Automatic structure extraction from a chemical patent using CIRS. Our system generated a structural library with 2 082 500 molecules by finding the chemical entities in the patent and enforcing the replacement/combination rules as stated in its formula; in comparison, there were only 11 compound examples in the original patent.
Conclusions
In summary, we explored a multi-modal chemical information reconstruction system, named CIRS, by identifying chemical entities from the texts and images of chemical patents, aligning them automatically, so as to facilitate the exploration and construction of the near-drug space. This is achieved through the parallel image and text-processing units that explore the two modalities, respectively, and in the meantime being connected with each other via the use of a cross-modal data generator, so that their predicted primitives can be naturally aligned for chemical information reconstruction. In quantitative evaluations, our accuracy (F1-score) in terms of correctly identifying chemical entities from Markush structure images and texts approaches 96% and 97%, respectively, meaning that the accuracy of aligning chemical entities from the two modalities will be around 96–97%, under various distributions of the chemical entities. This demonstrates the value of the proposed model in automatic information processing, extraction and reconstruction. Furthermore, our work showed that CIRS is a promising system in facilitating automatic information extraction, which could generate structures from images and texts in scientific literature to enrich near-drug space and boost drug discovery. Also, our automatic information extraction system may help to establishing a knowledge base (e.g. knowledge atlas) to realize the intelligent retrieval technology of chemical knowledge.
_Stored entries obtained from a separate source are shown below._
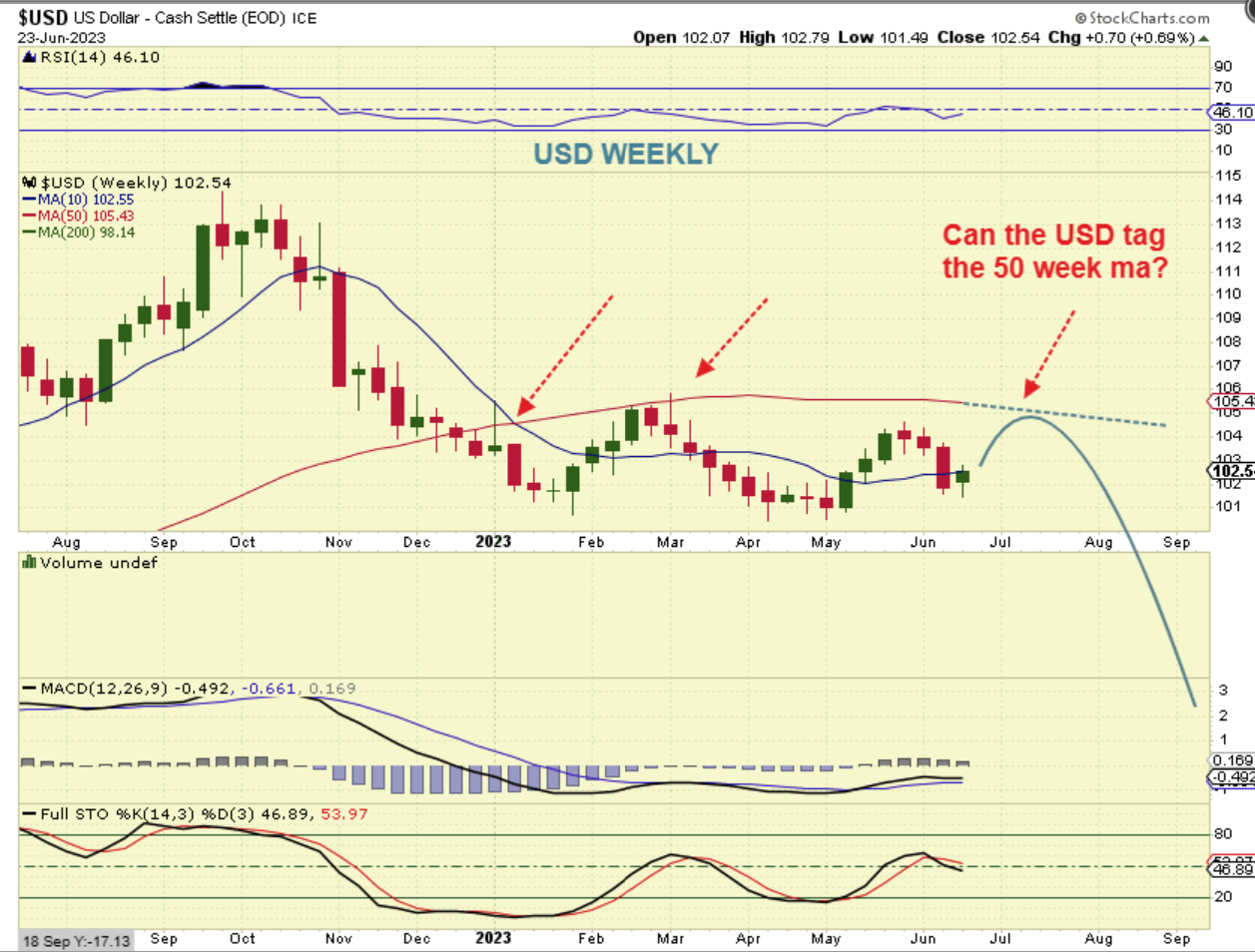 USD WEEKLY – If it remains strong, we do expect a drop with Gold and a pop with the USD, so we may see this.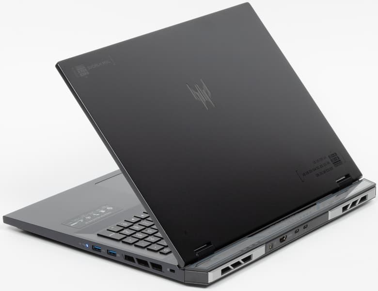 Корпус ноутбука изготовлен из пластмассы, поверхности которой легко и быстро собирают отпечатки пальцев. На крышке красуется логотип игровой серии Predator. При включении питания он может подсвечиваться в соответствии с цветовой схемой и динамикой, определяемыми пользователем.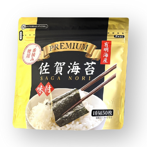 初摘み上級等級の贅沢な佐賀海苔を、海苔本来の旨みが引き立つ醤油ベースの味たれを用いて味付のりにしました!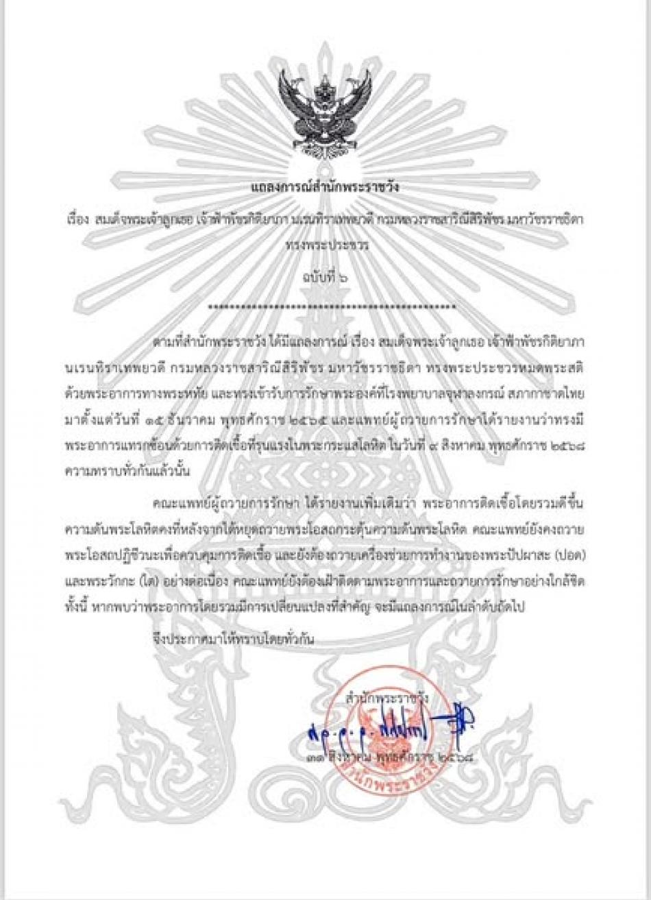 แถลงการณ์สำนักพระราชวัง เรื่อง สมเด็จพระเจ้าลูกเธอ เจ้าฟ้าพัชรกิติยาภา นเรนทิราเทพยวดี กรมหลวงราชสาริณีสิริพัชร มหาวัชรราชธิดา ทรงพระประชวร ฉบับที่ ๖ [31 สิงหาคม 2568]

In our future research, we will consider more diversified features in chemical documents, such as part-of-speech, lemma, Roman numerals, names of the Greek letters; pursue more elastic solutions-based OCSR to process various types of R and functional groups, instead of using pre-defined fixed class/type lists; in addition, we are studying how to effectively incorporate chemistry or bioinformatics information from knowledge resources with more flexible formats and organization than patents (such as scientific papers) in the information reconstruction process. Also, we may explore how to directly obtain SMILES strings based on natural language descriptions, and further improve the generalization ability of the model by considering more types of chemical data to enrich the near-drug space.
Key Points
We proposed a multimodal chemical information reconstruction system (CIRS) to automatically process, extract and align heterogeneous information from text descriptions and structural images of chemical patents, so that useful and expandable molecular structures toward drug discovery can be constructed efficiently to populate the near-drug space.
A heterogeneous data generator can produce cross-modality training data, from which parallel processing units can learn to both recognize chemical entities from different modalities and simultaneously capture their correspondence; such an automatic information fusion framework and data-generative mechanism can be valuable for a great variety of chemical information mining and reconstruction applications.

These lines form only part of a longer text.